The Norman village
Without altogether ruling out the possibility of the temporary settlement holding out as localities became stabilized, the settlement may be said to have become established by c. 1100. Its permanent nature, symbolized by the church and its graveyard, has continued down to our own day. The outer boundaries of the village were marked with hedges or more rarely with dry-stone walling.
Within, the elements making up the focus of attraction of the craft industries – the mill, the smithy … – are still hard to make out. Apart from the unit of village life which was the cottage, how the fabric of buildings was arranged is only known to us through villages abandoned in the 14th century, like Saint-Ursin-de-Courtisigny near Courseulles (Calvados), or the village of Trainecourt (in the parish of Grentheville, Calvados). Doubtless within the built-up area, certain plots were to be preferred, and hence soon taken over by the rich and mighty, close to the lord's manor, the church, or the square, where the market would be held. In the absence of data earlier than the 13th century, this typical arrangement at the close of the mediaeval period remains no more than a hypothesis.

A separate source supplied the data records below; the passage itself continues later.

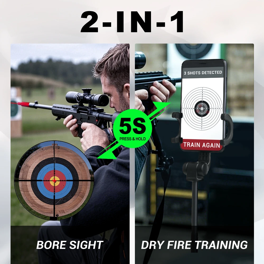 Funcionalidad dos en uno: combina funciones de cartucho de entrenamiento y boresighter.Cambie fácilmente entre modos para entrenamiento de fuego seco o alineación de la vista.
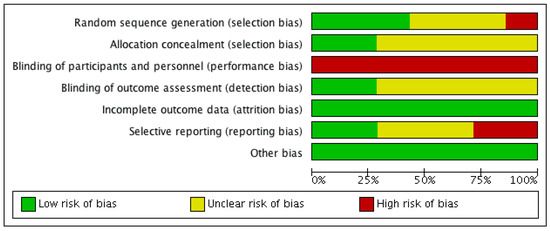 Risk of bias graph (presented as percentages across all included studies) illustrating the review authors’ judgements about each risk of bias criterion.
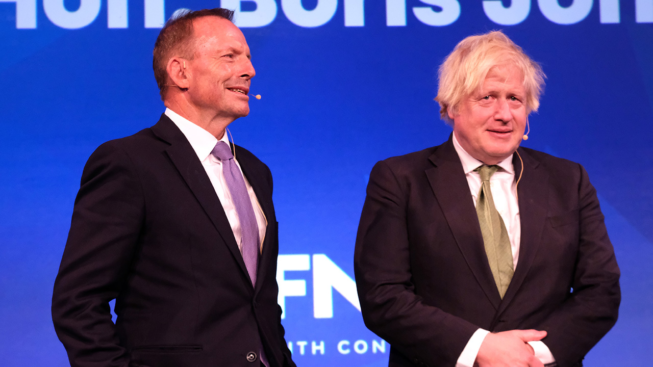 Sitting on stage alongside former Australian prime minister Tony Abbott and moderator John O'Sullivan, a former speech writer to Margaret Thatcher and a current British political commentator, Johnson's appearance kicked off the conservative networking event.
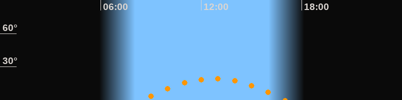 | Höchster Stand (Kulmination) | 12:44 Uhr (h = 19,3°) |
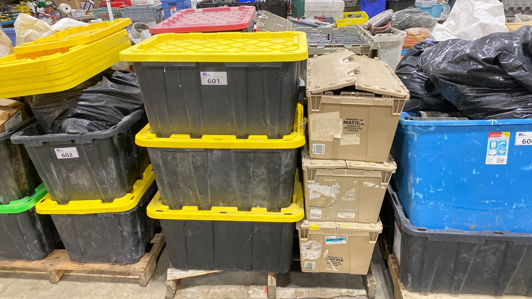 PALLET OF ASSORTED PVC MATERIAL / PLUMBING HARDWARE *BINS INCLUDED*
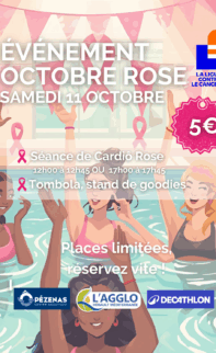 Dans le cadre de la campagne nationale Octobre Rose, le centre aquatique Ô Pézenas s’est mobilisé aux côtés de DECATHLON Agde pour soutenir la Ligue contre le Cancer. Deux séances spéciales Cardiô Rose ont été organisées le samedi 11 octobre 2025, de 12h00 à 12h45 et de 17h00 à 17h45, réunissant plus de 70 participants venus partager un moment sportif, solidaire et convivial.
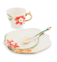 Чашечка и блюдце для чаепития — казалось бы, что может быть проще? Но как много зависит от того, какими они будут. Раскинувшиеся на этой чайной паре яркие цветы георгина, сразу же создают хорошее настроение, изящество приборов делают атмосферу праздничной и изысканной, а любой стол превращается в торжественный, если на нем появляются такие предметы. Чайная пара «Георгин» — это не просо посуда, это уют и красота вашего дома, ваше отношение к себе и своим близким.
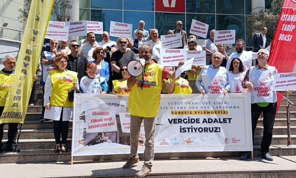 İstanbul’da Ümraniye Vergi Dairesi önünde yapılan açıklamada da Birlik ve Dayanışma Sendikası 1 Nolu Şube Yönetim Kurulu Başkanı Dr. Ahmet Tabduk Mehlepçi, kamu çalışanlarının yüzde 35’lere varan vergi yükü karşısında ezildiğini söyledi. “12 Ayın 5 ayını vergi için çalışıyoruz” diyen Dr. Ahmet Tabduk Mehlepçi, aile hekimlerinin servetleri 500 milyon dolarlarla ifade edilen Cengiz Holding’in ortaklarından bile daha fazla vergi verdiğine işaret etti.
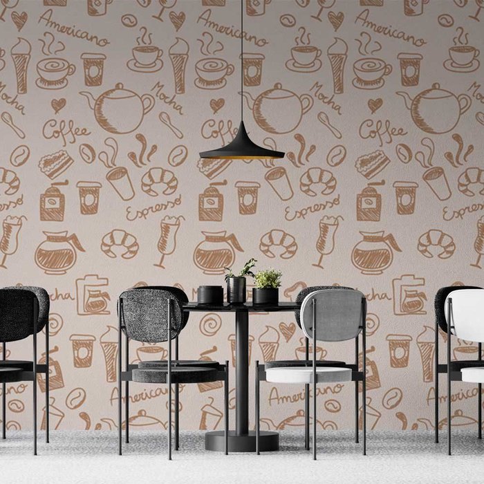 Papel de Parede Casual Rosa Desenhos Café Gh Papel de Parede 3,5m Rosa
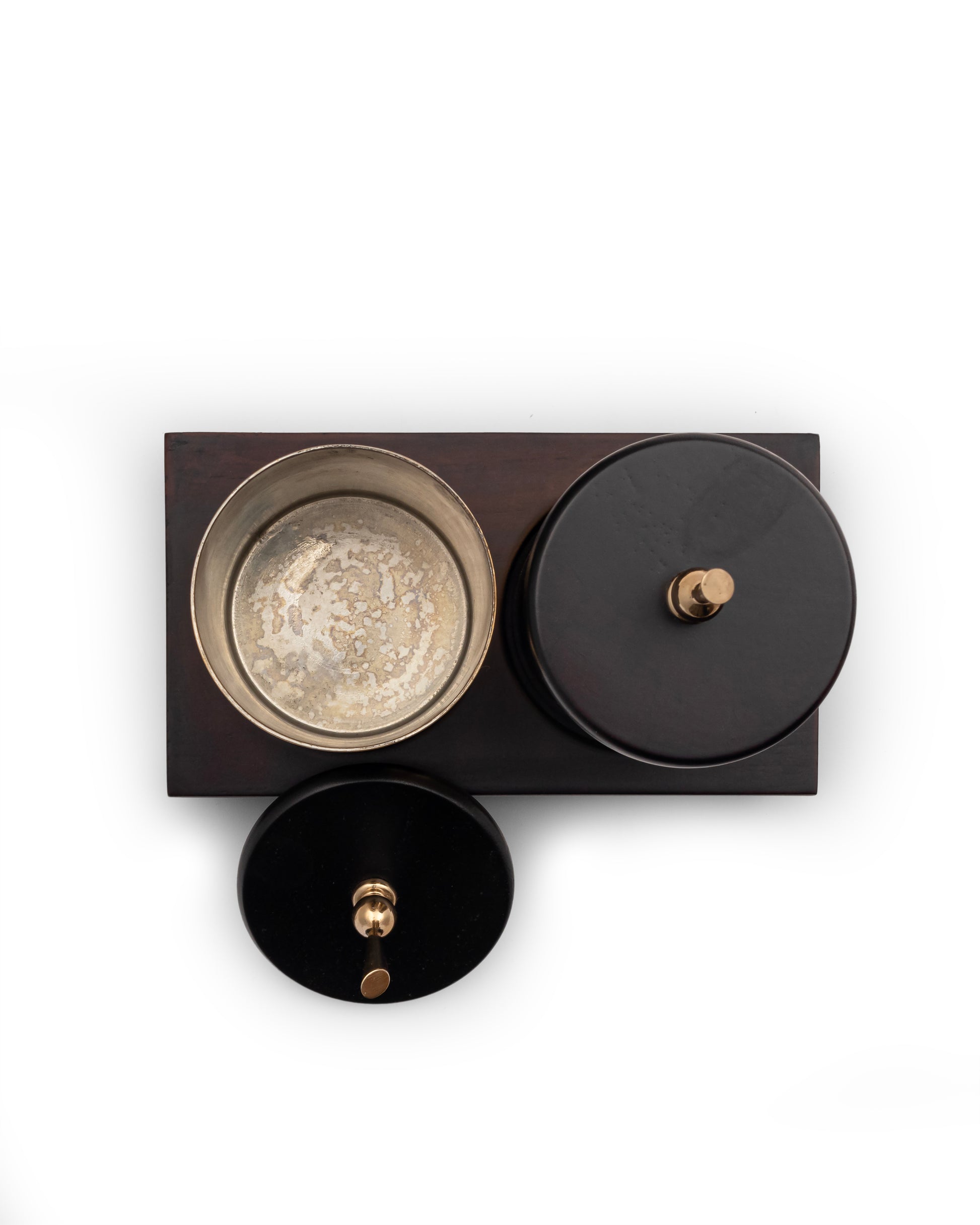 Elevate your dining and serving experience with our Condiment Server Small (Set of 2). Made with brass, wood, and casted brass knobs, this handcrafted blend of traditional and modern forms exudes elegance. The inside is coated with tin (kalai) for food safety, making it the perfect addition to any dining table.
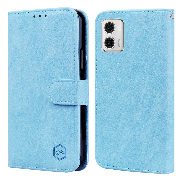 Funda para Motorola Moto G73 con Textura de Cuero PU y TPU (Azul Claro)
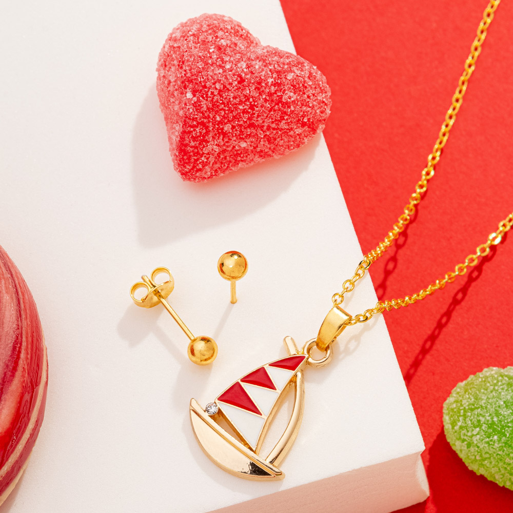 Conjunto infantil com pingente de barco vermelho e brinco de bolinha folheado a ouro
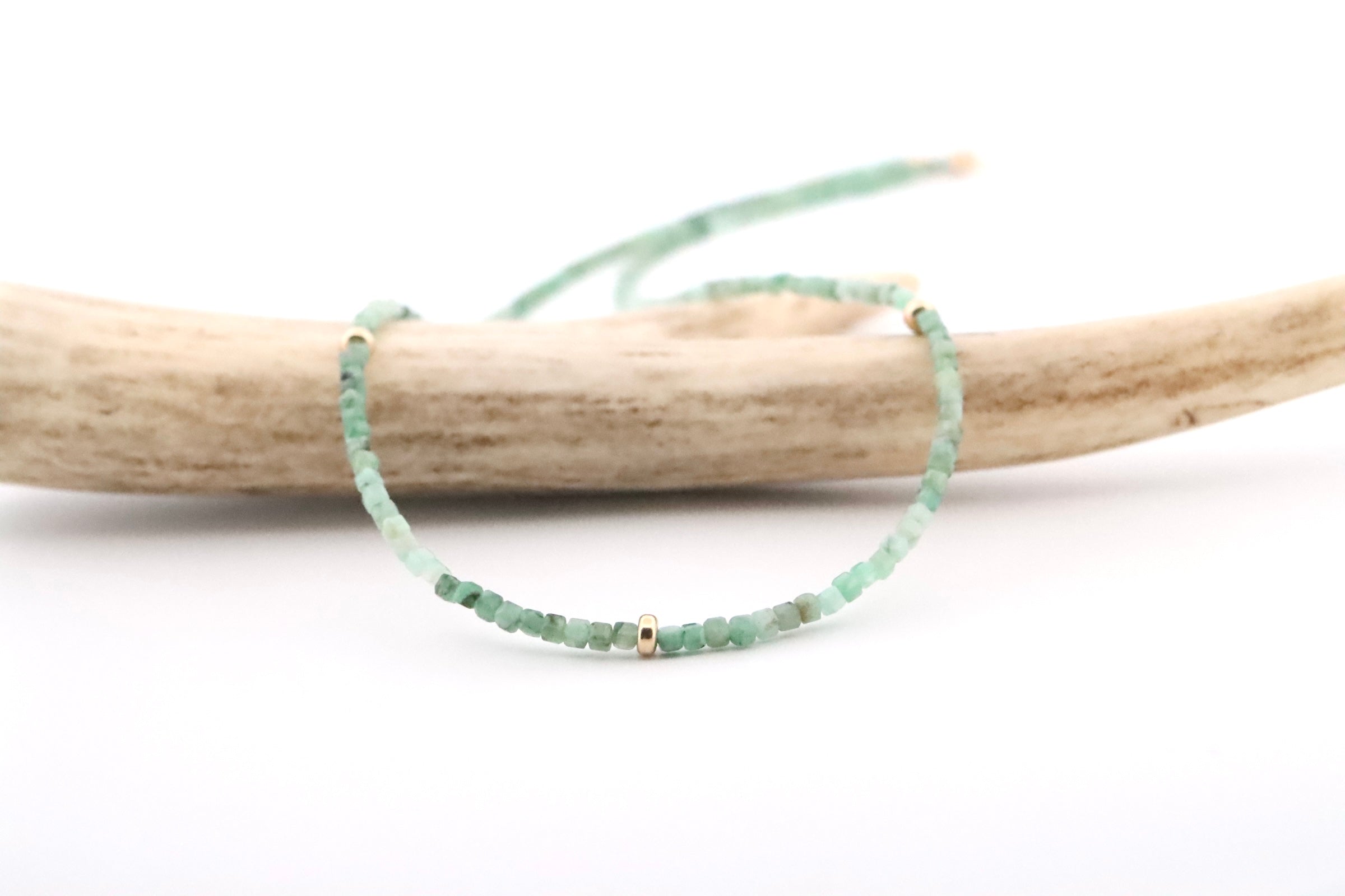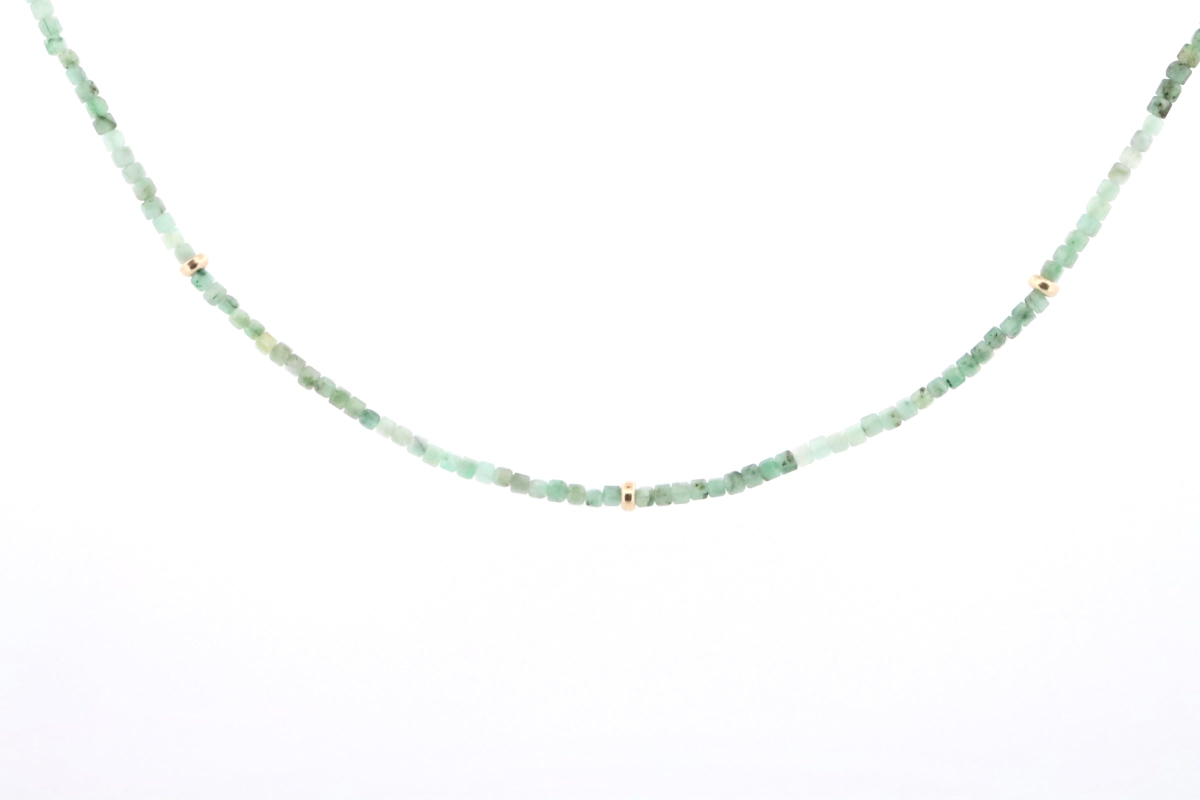 Shaded emerald facetted cube beads with 3 14k yellow gold spacer beads and 14k yellow gold clasp
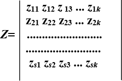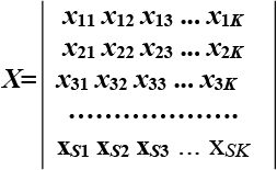 Після визначення об’єктів та відбору показників формується вихідна матриця показників X. У цій матриці стовпці представляють досліджувані об’єкти nk (k=1, 2,…, K), а рядки – показники xs (s=1, 2,…, S), що характеризують досліджувані об’єкти.
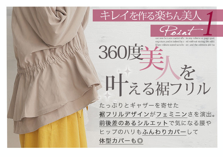 裾フリルでさりげなくお腹周りをカバー。軽い着心地のピーチスキンで着やすさ抜群
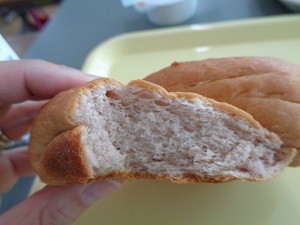 今日の給食のメニューには「いちご米粉パン」が出ました。

The status of men and land, the nature of ties bonding them within the village and around the lord, the organization of work in the fields, commoning practices in the woods and on uncultivated waste land, are complex and still controversial questions. One of the original features of this period was the founding of the "bourgs" (small market towns) in both urban and rural areas. In the bourg, the peasantry had tenures of equal size and at less expense. The privilege of "bourgage" was an expedient enabling the lords to set up new villages in places they wished to develop.
The proportion of "alleux" – lands and communities free of pressure from the lords and which paid taxes to no one except the duke-king – seems to have remained high. The famous revolt in 996 of the Norman peasants against the lords' exactions, the villagers' training in and attachment to customary law – which became the "Custom" – show that the village community was already powerful, especially in areas that had been occupied for a long time by group settlements, capable of looking after their own interests, particularly those known in the subsequent period as "common rights".